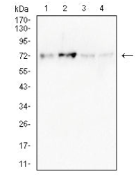 WB Predicted band size : 74KDa
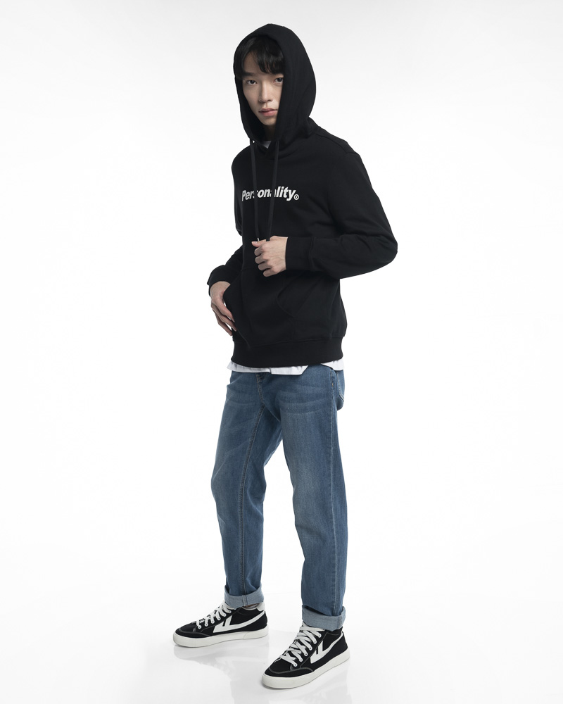 Regular Solid Coloured Long Sleeve Pullover Hoodie with Kangaroo Pockets at the front. Comes with Personality Slogan at the front. Made of cotton.
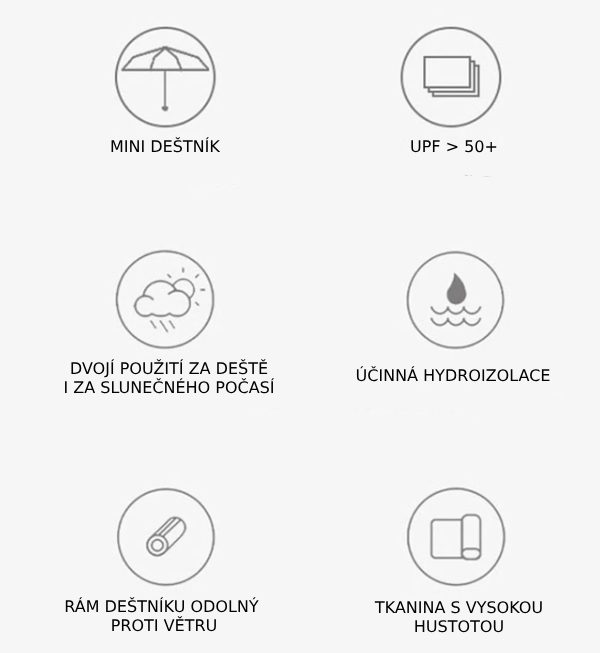 Dáždnik poskytuje vynikajúcu ochranu proti slnečnému žiareniu vďaka UV ochrane s faktorom UPF>50+, čo znamená, že blokuje viac ako 98% škodlivého UV žiarenia.
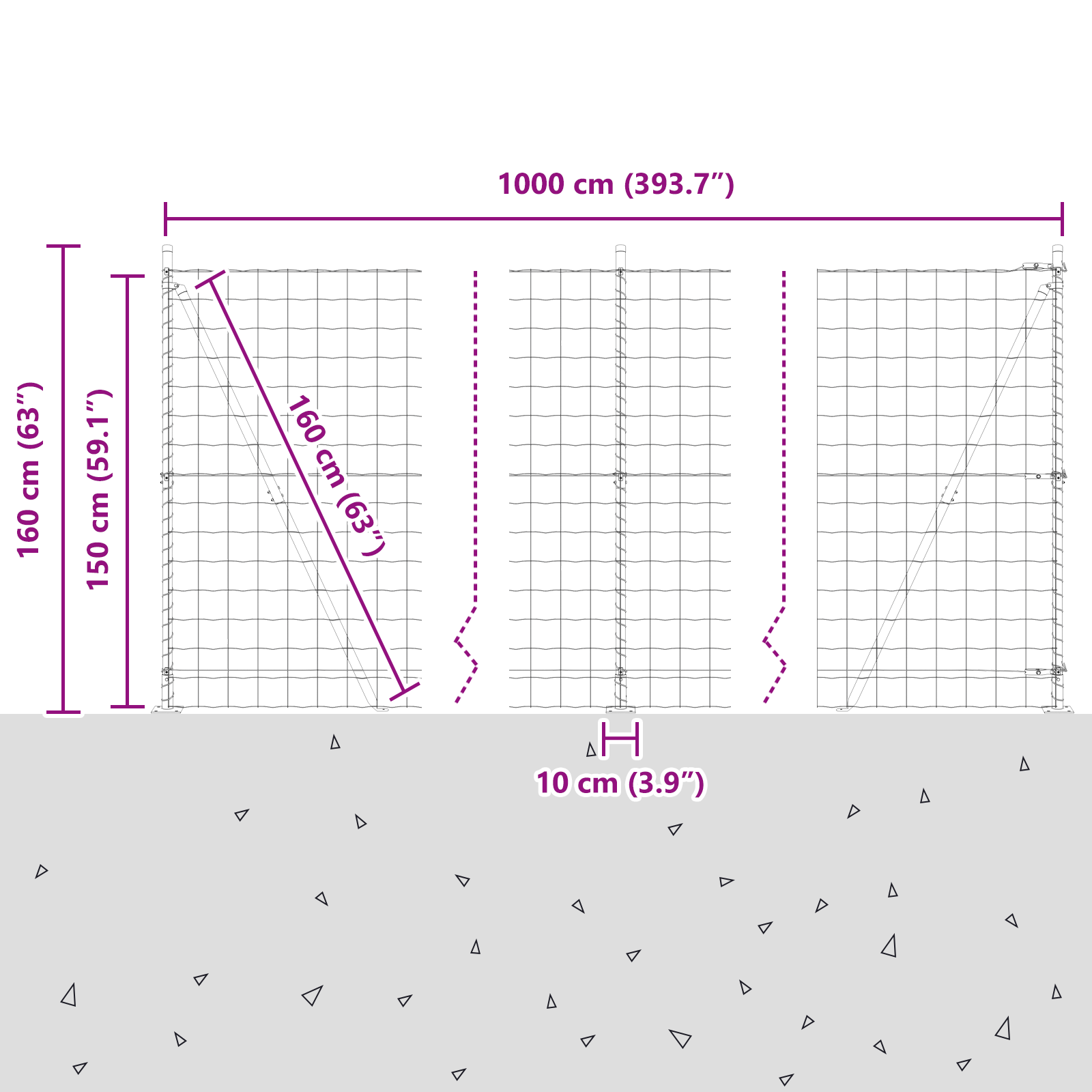 • Celkové rozměry: 1000 x 3.2 x 150 cm (D x Š x V)
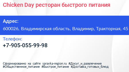 Chicken Day, ресторан быстрого питания по адресу 600026, Владимирская область, Владимир, Тракторная, 45 в дальнейшем Организация, размещена в следующих категориях:
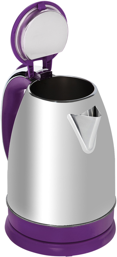 Электрический чайник, мощность 1500 Вт, объем 1.8 л, материал корпуса металл/пластик, нагревательный элемент закрытая спираль, дополнительные функции: индикация включения, подставка с вращением на 360°.

(Problem requirements)
With the images omitted, repeat all the data word for word.

(Written response)
 WB Predicted band size : 74KDa
 Regular Solid Coloured Long Sleeve Pullover Hoodie with Kangaroo Pockets at the front. Comes with Personality Slogan at the front. Made of cotton.
 Dáždnik poskytuje vynikajúcu ochranu proti slnečnému žiareniu vďaka UV ochrane s faktorom UPF>50+, čo znamená, že blokuje viac ako 98% škodlivého UV žiarenia.
 • Celkové rozměry: 1000 x 3.2 x 150 cm (D x Š x V)
 Chicken Day, ресторан быстрого питания по адресу 600026, Владимирская область, Владимир, Тракторная, 45 в дальнейшем Организация, размещена в следующих категориях:
 Электрический чайник, мощность 1500 Вт, объем 1.8 л, материал корпуса металл/пластик, нагревательный элемент закрытая спираль, дополнительные функции: индикация включения, подставка с вращением на 360°.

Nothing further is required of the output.